> [What is needed] Exactly as they stand, copy the lines from the one containing "7月21日,437必赢国际线" to the final line of the data; leave out the pictures.

> [Information given]
___
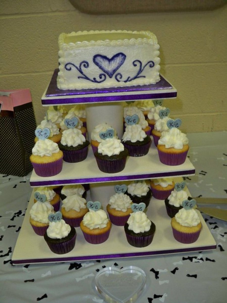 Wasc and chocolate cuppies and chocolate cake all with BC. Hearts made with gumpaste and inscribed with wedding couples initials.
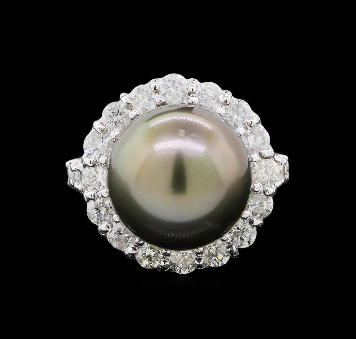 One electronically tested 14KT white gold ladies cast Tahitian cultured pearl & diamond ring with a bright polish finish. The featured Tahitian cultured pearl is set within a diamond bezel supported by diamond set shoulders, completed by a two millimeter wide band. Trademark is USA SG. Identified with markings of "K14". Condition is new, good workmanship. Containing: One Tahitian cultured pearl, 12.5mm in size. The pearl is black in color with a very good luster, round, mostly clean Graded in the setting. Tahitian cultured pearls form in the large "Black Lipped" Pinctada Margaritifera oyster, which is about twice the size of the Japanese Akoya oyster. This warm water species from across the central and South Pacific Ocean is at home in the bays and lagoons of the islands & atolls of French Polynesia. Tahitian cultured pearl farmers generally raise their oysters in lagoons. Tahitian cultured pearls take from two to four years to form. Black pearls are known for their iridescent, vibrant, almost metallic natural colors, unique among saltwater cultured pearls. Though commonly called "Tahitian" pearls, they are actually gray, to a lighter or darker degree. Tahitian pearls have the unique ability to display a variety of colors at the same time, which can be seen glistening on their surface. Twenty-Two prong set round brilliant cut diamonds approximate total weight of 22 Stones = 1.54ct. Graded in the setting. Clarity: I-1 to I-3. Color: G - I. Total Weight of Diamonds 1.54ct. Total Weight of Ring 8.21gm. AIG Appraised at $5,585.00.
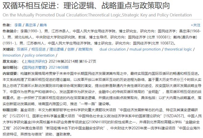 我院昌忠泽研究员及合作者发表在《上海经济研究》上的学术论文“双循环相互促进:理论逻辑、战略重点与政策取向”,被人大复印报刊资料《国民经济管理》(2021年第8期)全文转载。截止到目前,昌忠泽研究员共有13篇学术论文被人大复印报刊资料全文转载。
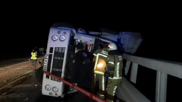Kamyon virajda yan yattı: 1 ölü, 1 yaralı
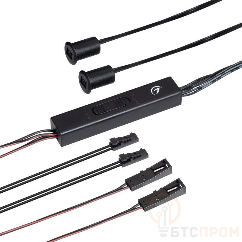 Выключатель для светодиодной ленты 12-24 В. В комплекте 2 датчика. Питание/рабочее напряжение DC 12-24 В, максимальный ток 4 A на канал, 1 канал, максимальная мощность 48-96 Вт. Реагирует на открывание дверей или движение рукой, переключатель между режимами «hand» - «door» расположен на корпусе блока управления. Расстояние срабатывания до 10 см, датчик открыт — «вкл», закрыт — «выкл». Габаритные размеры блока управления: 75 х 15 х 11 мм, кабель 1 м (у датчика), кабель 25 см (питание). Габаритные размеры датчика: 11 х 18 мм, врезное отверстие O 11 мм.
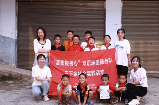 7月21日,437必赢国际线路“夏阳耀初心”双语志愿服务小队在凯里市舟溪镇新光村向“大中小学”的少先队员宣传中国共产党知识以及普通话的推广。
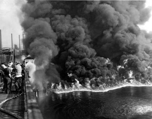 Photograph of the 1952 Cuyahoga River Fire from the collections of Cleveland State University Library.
___
> [Output]
 7月21日,437必赢国际线路“夏阳耀初心”双语志愿服务小队在凯里市舟溪镇新光村向“大中小学”的少先队员宣传中国共产党知识以及普通话的推广。
 Photograph of the 1952 Cuyahoga River Fire from the collections of Cleveland State University Library.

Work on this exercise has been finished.